That being said, what happens when you give a genuinely genius fantasy director a shit film? The answer is “Harry Potter and the Order of the Phoenix”.

To begin my descent into chagrin and deafening fury, we are given the beautiful tableaux or the playground from “Terminator 2” and for some reason, the chaffiest Dudley Dursely.


I physically threw things at my television when his idiot face showed up.

With yet another lack of an explanation as to how the Dursleys even let him in the house again after Harry technically victimized their horrible aunt, the teachers of Hogwarts decided that after a horrible trauma of watching a kid get killed by Hitler, oh also Hitler’s back now you guys, let’s send him to live in emotional solitary confinement all summer with limited protection.

We have a poorly written scene dealing with post traumatic stress disorder (PTSD), complete with a cruel child gay joke. It was so off tone for these films to do something like that, it really took me aback.

Thankfully Yates fought this transcendently horrible diatribe by testing the grounds of his new tone in the form of what he does best: magic.

Now, magic is hard you guys. Showing the practice of magic on screen has always proven to be astoundingly difficult to filmmakers mostly because, as an unseen force or entity, our brains will often grasp the application as more science fiction based. Throwing something across a room with the flick of a wrist, for example, is something that we could see happening in a Magneto vs X-Men fight as well as two wizards really going to town on each other in “The Fellowship of the Ring”. The only difference is the sound effect. Showing the physical manifestation of magic is worse, because it’s no different from asking someone to show the tactile manifestation of physics. It normally results in swirling colorful clouds, be they in the sky or a cauldron.

But the same way that George Lucas made me look at the idea of a space sword differently forever, Yates manages to establish the tone of being able to inspire magic out of nowhere, pulling it into the very realistic and non-magical realm of a small London suburb. Rather than just giving us billowy, menacing clouds, we instead are met by an ethereal pull from the sky, the weight of which drags along like a heavy, velvet cloak. And that’s just the rub, this magic is tactile, there’s a feel of physics behind it that holds the gravity of how it exists in an otherwise natural and ordered universe.
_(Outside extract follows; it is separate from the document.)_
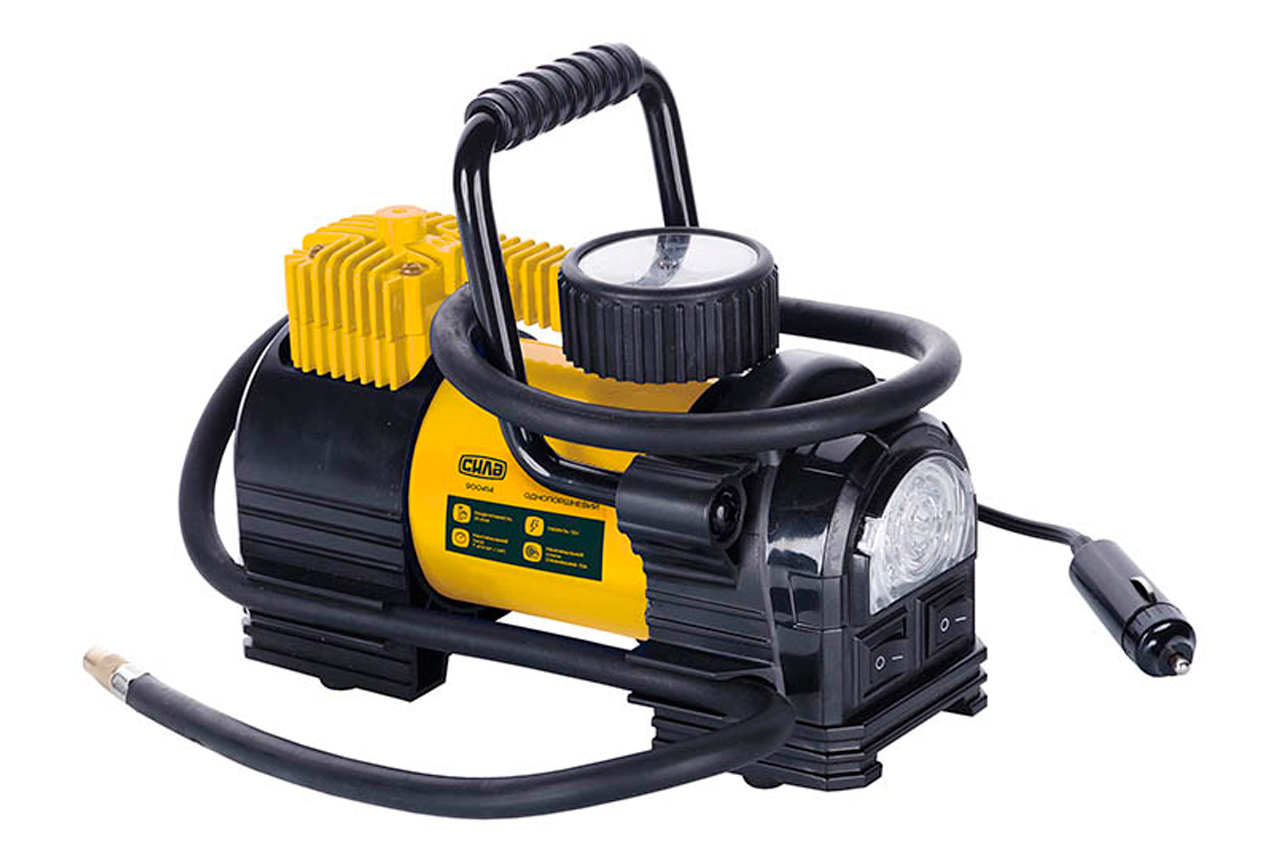 Миникомпрессор автомобильный Сила - 7 атм x 37 л/мин однопоршневой с фонариком

The result of which is a breach, a punch through from the other side that results in a Dementor attack in Harry’s own backyard.
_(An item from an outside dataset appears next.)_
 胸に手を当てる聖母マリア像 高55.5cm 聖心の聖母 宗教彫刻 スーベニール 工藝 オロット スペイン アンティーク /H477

Dudley is hurt I guess. For a family that decidedly knows that magic exists and that it has a tendency to come into the real world with the explicit intent of killing their family members, the Dursleys have an unrealistically difficult time coming to terms with the idea that Harry is telling the truth about their crazy attacker. Thankfully though, we finally begin to see the results of Harry’s actions, as he is finally expelled for using magic outside of school.

A series of people you might recognize, now with saucy purple haired lady friend accessory, show up to bust Harry out of this strangling device and move the plot forward. I think the purple haired lady is also a chameleon lady, as almost everyone in the wizardly world is also an animal kind of. Also existing is Mrs Figg, who has been dropped with no real explanation into this small neighborhood to look out for Harry this summer. Sadly her presence is so shoehorned and clunky it is a genuine distraction, leaving her to be nothing more than an actual walking plot device, which quite frankly is just lazy.

The result of this super-rescue though is something I didn’t even realize I was missing from these films until I genuinely got goosebumps when I saw it, an actual synchronized Blue Angels level broom flight across London, with Buckingham palace at night as the backdrop.



When the default terminology in these films is always the masculinized word “wizard”, one has a tendency to forget the more traditionalized feminine archetypes of the genre. Much like the commercialized Salem witches of Halloween delight, we got to see these characters fly across the moon and off into the night with an almost Peter Pan level of whimsic combination. This was a perfect example of pulling not just the fantastical, but the traditional stereotype into the realistic realm and it was astoundingly powerful to see.

Their destination is the decrepit house of Sirius Black, where we get to learn a little more about his family history of being a rich white guy during Wizard World War I. The Weasleys are there, as well as Hermione which just solidifies the idea that’s been squatting on the back of my brain pan since “Chamber of Secrets”. Where are her parents in all of this? We have seen them in the background of one scene.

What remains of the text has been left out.